Кайго с тоской повернулся к окну.
– Даже не представляю, чем бы я мог здесь заняться.
В прогретом солнцем воздухе кружились золотые пылинки. Сад скрипел старыми ветками и звенел молочной листвой. Тури вдруг представила дом профессора кораблем, качающимся на тихих волнах. И не видно конца этому долгому путешествию… «Великие звезды, и правда, когда я последний раз писала Сверре или звонила папе?» – испугалась она. А, может, дело просто в том, что она впервые ушла в отпуск и ей не нужно думать о работе?
На их уютном корабле начались первые разлады.

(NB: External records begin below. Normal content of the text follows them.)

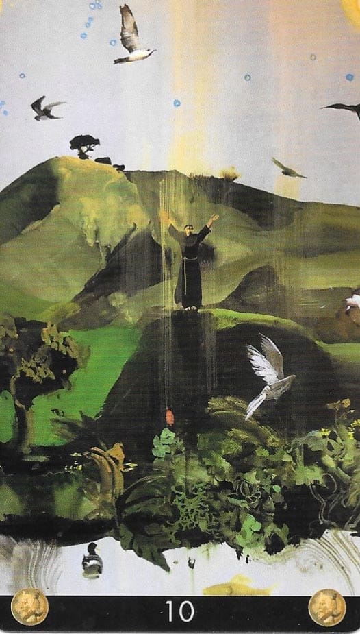Intense Persistent Water energy fuels your Primary Drive. Your Life Path energy operates best when bringing or experiencing transformation. You must learn “playfulness or lightness of heart” to manifest your best results. Your card this month is the Ten of Pentacles, and the keyword is “wealth.”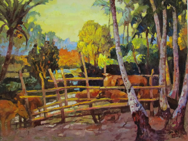 《黎寨》(油画)是我创作的反映海南黎苗风情系列作品中的一幅主要作品。创意来源于我多年工作、生活在黎苖族山区,崇敬黎苗族人民的风俗风情以及独特的风貌,描绘的是黎寨傍晚的场景,夕阳、椰树、船形屋、牛群勾勒出一幅人与自然的风景。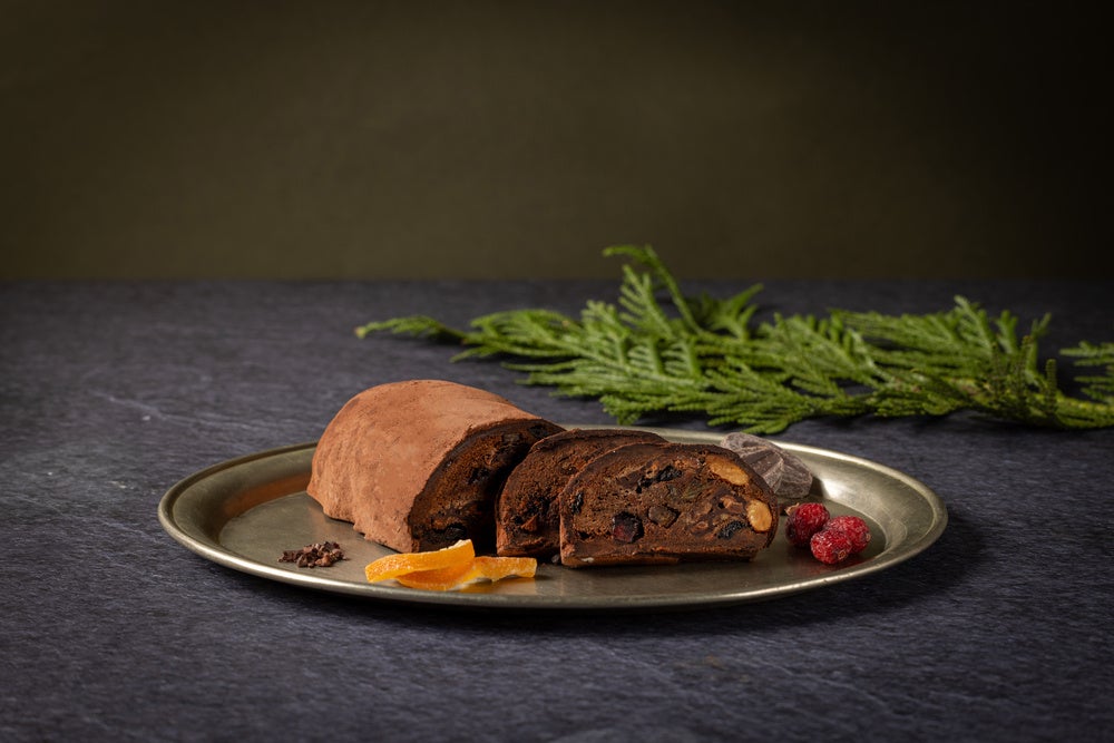 高級チョコレートで知られる、フランス産のヴァローナのチョコレートを贅沢にたっぷりと使い、熟成されたまろやかな上品な味わいのブランデー「マール」を使用した大人のためのショコラシュトレン。マールと相性の良い、ジューシーな手積みレーズン、酸味がありつつ全体のバランスと調和するドライのチェリー、クランベリー、ブルーベリーを練り込んでいます。また、アクセントにもなり、味を締める役割としてオレンジピールも加えました。生地全体をダークチョコレートでコーティングし、上からヴァローナのココアパウダー、粉糖で包み込むことで、より最初の一口目にショコラの味わいや香りを感じられる仕上がりに。冷やして食べればパリッとしたチョコの食感が楽しめ、常温に戻す中でまろやかな味わいに変化します。ホリデーシーズンには、レバームースやシャンパンと共に、魅惑の大人ショコラシュトレンをご賞味ください。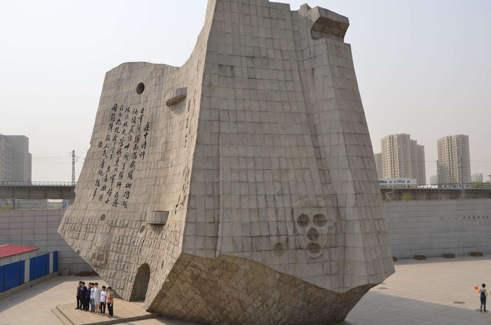 “九·一八” 歷史博物館館內(nèi)的“九·一八”事變紀(jì)念碑,為磚石水泥筑成的空心體,紀(jì)念碑從平面上看其形狀是一幅巨大的東北地圖,版權(quán)所有山東聊城聊之旅國(guó)際旅行社有限公司,轉(zhuǎn)載必究!前方有一幾何形的廣場(chǎng),底座四周為不規(guī)則的綠色草坪所圍繞,整個(gè)建筑高十八米,寬三十米,厚十一米,用混凝土鑄成,花崗巖貼面,呈立體臺(tái)歷狀,兩邊對(duì)稱,上面布滿彈痕與骷髏,臺(tái)歷的左面刻著“1931年 9月18日”,右面記錄著事變的發(fā)生過(guò)程。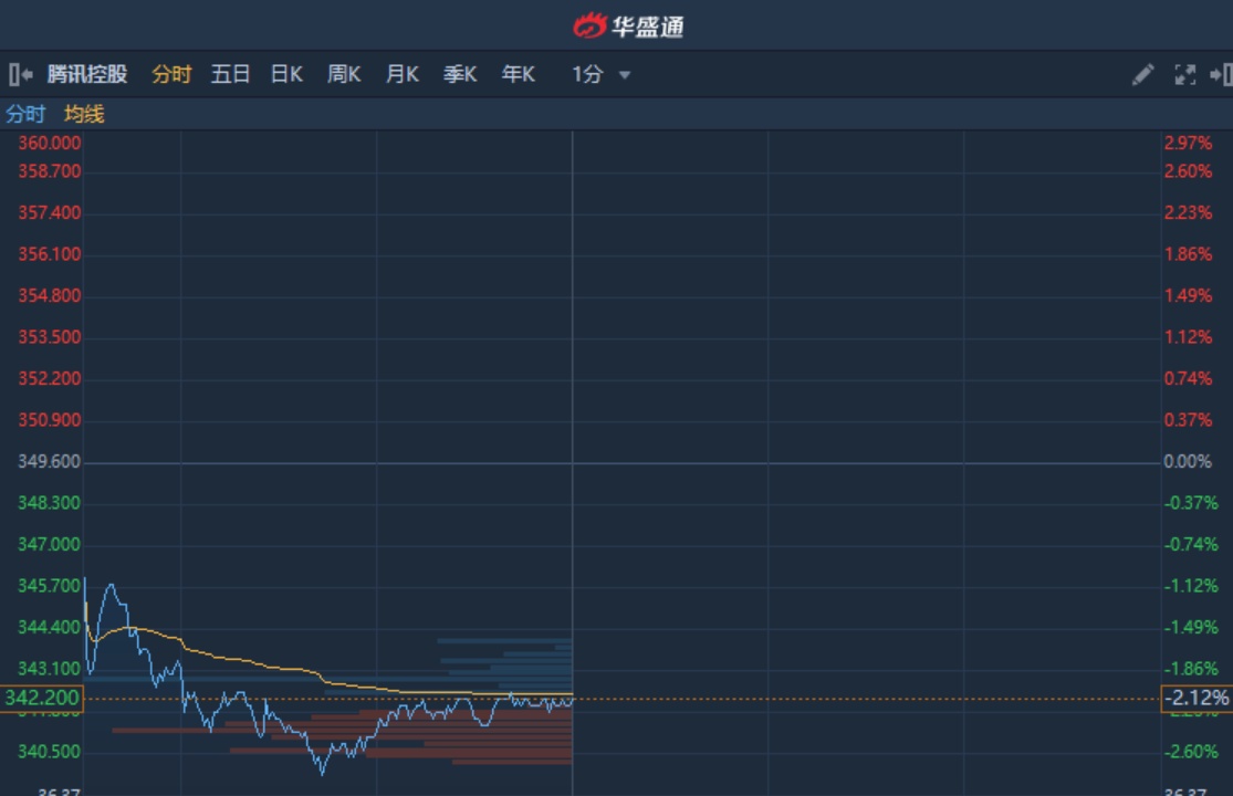 港股异动︱盘中现大手成交涉资11.79亿 腾讯(00700)现跌2.12%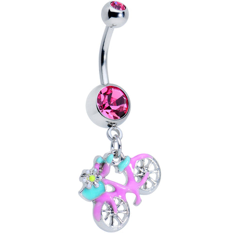 Pink Gem Pop A Wheelie Bike Dangle Belly Ring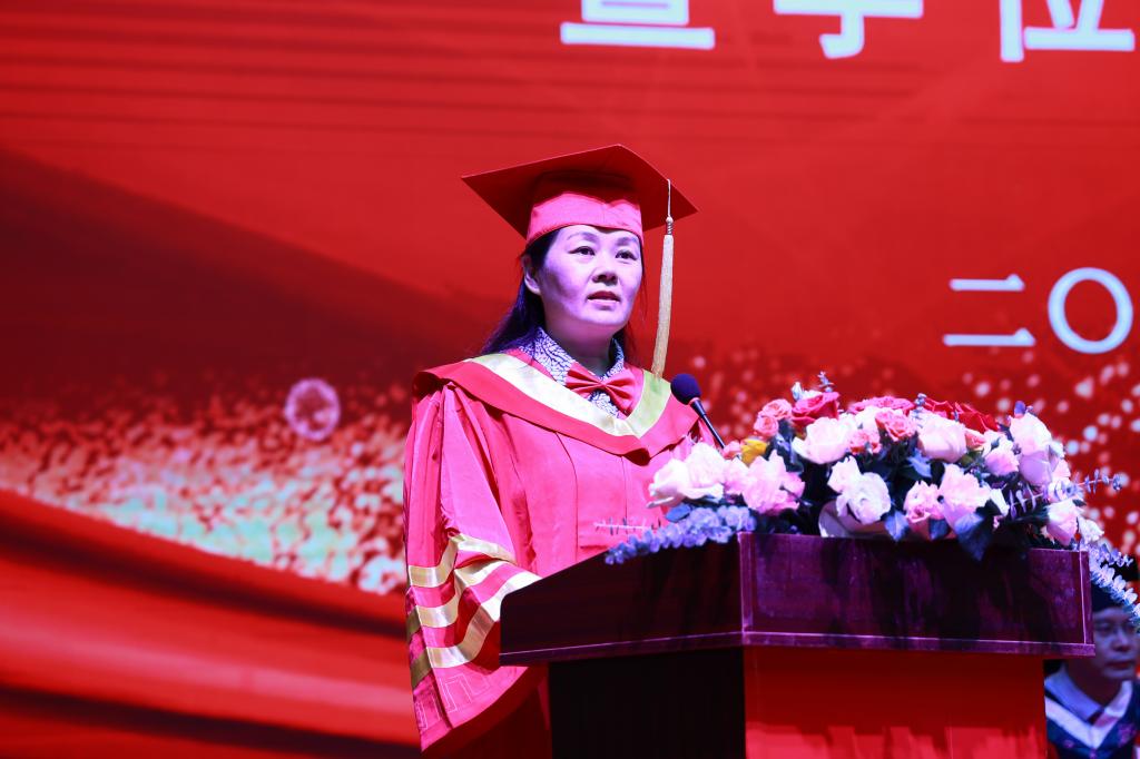郑兰荣代表学校向全体毕业生表示最热烈的祝贺,向一直以来关心、支持、陪伴、见证同学们成长成才的老师和家人们,致以崇高的敬意和衷心的感谢。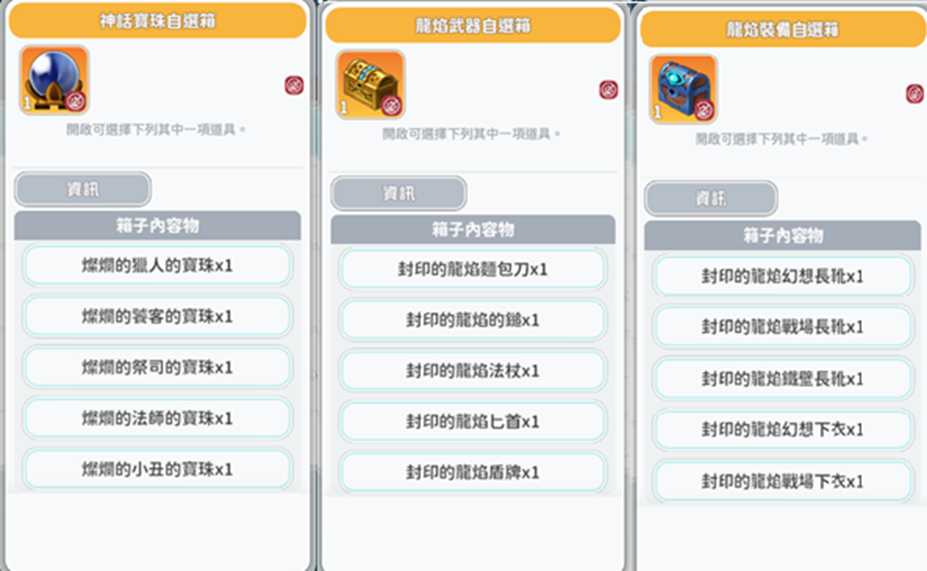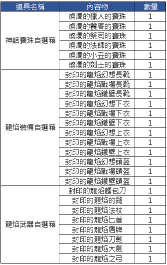神話寶珠、龍焰裝備、龍焰武器自選箱內容物: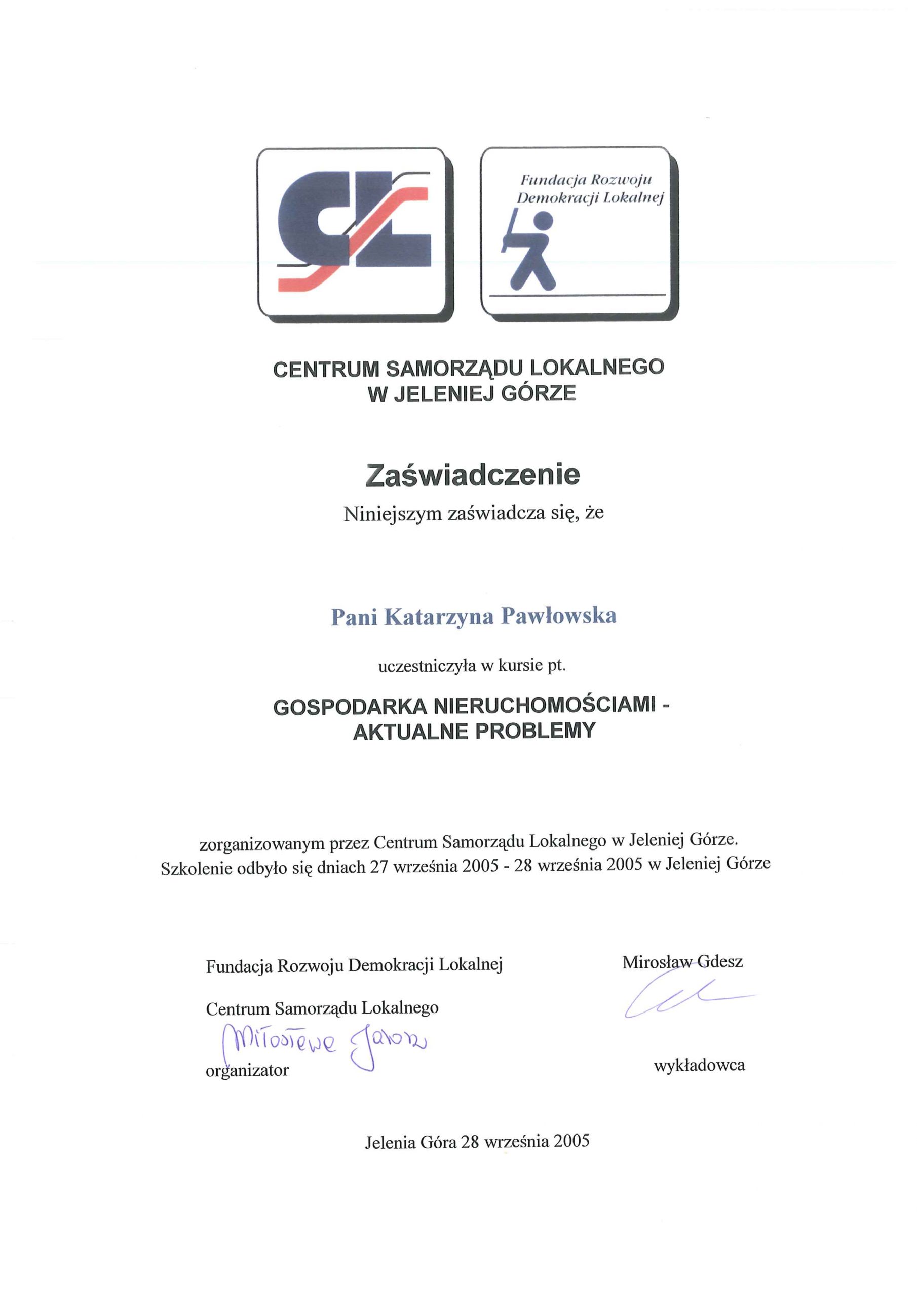 W 2004 r. ukończyłam studia na kierunku Geodezja i Kartografia na specjalności gospodarka nieruchomościami.

Тури не могла не заметить, как изменились отношения профессора и Руа после появления Кисэки. Руа проявлял интерес к Кайго лишь в первое время, пока тот находился в палате; но и тогда предпочитал наблюдать за ним через экран.
Раз или два он заикался о необходимости протестировать аппарат еще как минимум на двух подопытных и даже подбирал людей, но всякий раз получал довольно жесткий отказ профессора. Руа сердился, кусал губы, снимал и снова надевал очки и уходил ни с чем. Все реже и реже он появлялся за одним столом с Тури и семейством Камура, и все больше времени проводил в лаборатории. Профессор же, напротив, практически не заглядывал в эту часть дома после того, как Кайго поселился в комнате Кисэки. А вскоре он и вовсе потерял интерес к лаборатории и закрыл ее на ключ.
– Профессор, как это понимать? Почему я не могу попасть в лабораторию? – ворвался в гостиную Руа, когда тот делал записи в дневнике и расспрашивал Тури о самочувствии Кайго.
Профессор отложил ручку и выпрямился в кресле.
– Мы должны сделать все, чтобы уберечь Кисэки. А он и так уже задает слишком много вопросов о лаборатории.
– Звезды с ним, пусть задает! – вскричал Руа, сердясь. – Но вы не даете мне работать!
Профессор побледнел и поджал губы.
– Ты свою работу закончил, Ренн. Позволь мне напомнить: твоя работа – выполнять мои указания. Я тебе уже говорил: не к чему спешить.
– Спешить? Что? Вы опять за свое??
Руа схватился было за голову, но только с досадой махнул рукой и убежал в свою комнату наверх. Тури проводила его озабоченным взглядом, а профессор, как ни в чем не бывало, вернулся к своему дневнику.
«Что между ними происходит? Они опять что-то скрывают от меня», – вспыхнула она и с беспокойством посмотрела на профессора.
– Не обращай внимания, Тури, это обычные ученые споры, – успокоил он. – У нас с Ренном разные приоритеты. Такое и раньше случалось… Но в последнее время, честно говоря, он стал просто невыносим.
Последнюю фразу он произнес почти не размыкая губ.
На следующий день Тури и Кайго отправились на прогулку по Белой Долине.